News & Information for Amateur Bakers and Artisan Bread Enthusiasts


MANNA's picture


I started a new culture over a month ago. It was active then about a week in it smelled like someone barfed in dirty gym socks. I figured we're in the stinky phase just keep going. A month in with regular feedings the stink was gone but no activity. So I ditched it and started anew with the pineapple method that has worked in the past. That has worked. Not much activity again but I get the horrid acetone smell after 12 hours of feeding. Two days ago I popped it in the oven with the light on and got great activity from it. I feel my kitchen was just to cold being winter here. I have gone from 24 hour feedings to 12 hours to keep up with the increased rate of fermentation. This morning I fed it from a hydration of 100% to 70%. Im hoping to get some sourness into it and try for a bake in the next day or so. Anyone have thoughts on this? It has been driving me nuts with the acetone developing. It appears like the acetone has subsided with the increase in temp. does that seem right? I didnt get the acetone smell with the other culture that was started with just flour and water. Yes, it was stinky during the second week but after that it never stunk like acetone. Every time with the pineapple though it gets the acetone smell. Again, any thoughts?

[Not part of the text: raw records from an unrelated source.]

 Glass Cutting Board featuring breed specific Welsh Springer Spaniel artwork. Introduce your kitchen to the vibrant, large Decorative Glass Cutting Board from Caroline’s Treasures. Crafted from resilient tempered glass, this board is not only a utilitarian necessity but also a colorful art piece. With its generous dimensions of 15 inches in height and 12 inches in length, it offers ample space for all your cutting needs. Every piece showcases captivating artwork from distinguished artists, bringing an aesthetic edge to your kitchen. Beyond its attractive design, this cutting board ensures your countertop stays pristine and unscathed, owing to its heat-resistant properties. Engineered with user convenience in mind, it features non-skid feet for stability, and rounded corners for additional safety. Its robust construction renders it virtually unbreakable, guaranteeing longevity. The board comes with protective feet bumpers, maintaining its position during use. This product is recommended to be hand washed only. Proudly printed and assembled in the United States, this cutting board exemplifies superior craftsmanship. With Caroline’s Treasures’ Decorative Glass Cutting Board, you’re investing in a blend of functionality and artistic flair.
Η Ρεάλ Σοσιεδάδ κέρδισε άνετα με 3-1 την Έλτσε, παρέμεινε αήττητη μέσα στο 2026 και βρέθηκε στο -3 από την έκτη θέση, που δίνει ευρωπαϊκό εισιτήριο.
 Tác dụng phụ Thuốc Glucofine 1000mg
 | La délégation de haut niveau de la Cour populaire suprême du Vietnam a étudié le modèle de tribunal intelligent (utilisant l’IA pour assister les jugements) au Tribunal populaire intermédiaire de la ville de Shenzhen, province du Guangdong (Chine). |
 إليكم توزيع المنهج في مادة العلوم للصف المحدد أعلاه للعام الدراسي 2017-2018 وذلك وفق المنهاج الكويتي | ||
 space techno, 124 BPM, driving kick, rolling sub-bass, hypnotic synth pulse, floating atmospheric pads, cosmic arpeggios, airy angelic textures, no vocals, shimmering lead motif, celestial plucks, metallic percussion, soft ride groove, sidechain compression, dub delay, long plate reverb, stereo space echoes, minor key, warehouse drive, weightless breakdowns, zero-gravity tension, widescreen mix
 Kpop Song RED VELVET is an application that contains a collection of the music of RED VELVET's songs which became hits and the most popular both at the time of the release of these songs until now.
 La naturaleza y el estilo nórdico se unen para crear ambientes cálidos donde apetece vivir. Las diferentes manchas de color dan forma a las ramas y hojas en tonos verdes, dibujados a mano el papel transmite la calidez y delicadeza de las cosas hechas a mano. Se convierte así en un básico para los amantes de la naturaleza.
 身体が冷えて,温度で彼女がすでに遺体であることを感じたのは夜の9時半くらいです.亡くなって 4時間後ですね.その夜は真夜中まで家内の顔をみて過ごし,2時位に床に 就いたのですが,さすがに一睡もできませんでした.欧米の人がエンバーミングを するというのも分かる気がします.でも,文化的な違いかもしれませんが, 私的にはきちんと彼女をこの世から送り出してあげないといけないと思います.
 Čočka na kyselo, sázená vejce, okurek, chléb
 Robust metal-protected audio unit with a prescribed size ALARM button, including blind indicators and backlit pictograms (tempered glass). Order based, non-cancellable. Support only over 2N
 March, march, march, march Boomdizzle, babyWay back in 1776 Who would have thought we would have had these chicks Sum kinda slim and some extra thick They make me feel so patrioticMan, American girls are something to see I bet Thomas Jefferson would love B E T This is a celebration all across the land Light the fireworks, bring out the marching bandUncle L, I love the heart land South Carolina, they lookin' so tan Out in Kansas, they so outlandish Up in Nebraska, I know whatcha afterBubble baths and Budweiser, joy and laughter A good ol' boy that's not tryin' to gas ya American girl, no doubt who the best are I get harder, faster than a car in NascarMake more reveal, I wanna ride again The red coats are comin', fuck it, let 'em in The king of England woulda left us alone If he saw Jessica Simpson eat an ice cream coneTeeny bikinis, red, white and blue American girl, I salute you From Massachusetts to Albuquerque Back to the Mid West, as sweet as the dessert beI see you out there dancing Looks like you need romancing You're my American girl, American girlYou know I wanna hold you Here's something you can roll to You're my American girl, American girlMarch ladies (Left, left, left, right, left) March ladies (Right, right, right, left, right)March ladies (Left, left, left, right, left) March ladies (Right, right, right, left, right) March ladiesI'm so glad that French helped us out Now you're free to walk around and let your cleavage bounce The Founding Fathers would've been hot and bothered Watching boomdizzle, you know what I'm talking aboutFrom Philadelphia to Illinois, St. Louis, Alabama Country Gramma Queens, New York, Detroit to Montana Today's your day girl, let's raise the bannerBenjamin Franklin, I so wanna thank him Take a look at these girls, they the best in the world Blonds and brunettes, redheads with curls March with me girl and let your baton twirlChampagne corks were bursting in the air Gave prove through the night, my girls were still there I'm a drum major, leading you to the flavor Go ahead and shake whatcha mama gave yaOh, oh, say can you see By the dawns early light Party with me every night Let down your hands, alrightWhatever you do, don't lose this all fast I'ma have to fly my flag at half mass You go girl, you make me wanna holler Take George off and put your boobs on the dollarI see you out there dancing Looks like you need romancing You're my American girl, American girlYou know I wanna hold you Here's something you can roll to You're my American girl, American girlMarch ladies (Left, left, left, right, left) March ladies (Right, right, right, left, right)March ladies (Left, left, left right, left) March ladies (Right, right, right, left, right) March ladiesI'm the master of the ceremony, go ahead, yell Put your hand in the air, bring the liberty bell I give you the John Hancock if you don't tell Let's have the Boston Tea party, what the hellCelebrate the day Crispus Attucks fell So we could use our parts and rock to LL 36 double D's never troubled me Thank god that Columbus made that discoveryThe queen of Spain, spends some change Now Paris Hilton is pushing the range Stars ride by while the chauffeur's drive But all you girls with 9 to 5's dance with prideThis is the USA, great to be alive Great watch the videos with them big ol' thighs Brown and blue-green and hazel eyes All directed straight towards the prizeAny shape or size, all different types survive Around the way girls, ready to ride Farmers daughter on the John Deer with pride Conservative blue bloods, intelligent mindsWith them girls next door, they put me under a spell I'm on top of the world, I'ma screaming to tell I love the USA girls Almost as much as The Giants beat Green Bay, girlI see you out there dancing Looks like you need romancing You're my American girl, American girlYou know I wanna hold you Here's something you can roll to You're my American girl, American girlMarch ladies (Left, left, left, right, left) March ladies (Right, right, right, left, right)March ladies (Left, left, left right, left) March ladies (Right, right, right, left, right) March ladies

Tech stuff: I use KAF Sir Galahad Flour, water is filtered spring water, I was feeding 1:1:1 every 24 hours and have switched to 1:1:1 every 12 hours. I have been at 100% hyd intill this morning, now Im at 70%.

pongze's picture

Apologies for sending you to search, but I can't recall the details at this moment, I'm ready for bed at 6:20 AM now.  Please search Debra Wink's material here... actually here you go, this is a good thread to read with some good links:

and in particular this post:

You may already know that she is the originator of the pineapple juice method.  I'm pretty sure that second link will explain the acetone.  In scanning it, I believe the take home points are that having your starter be more liquid and be warmer will help to reduce the acetone.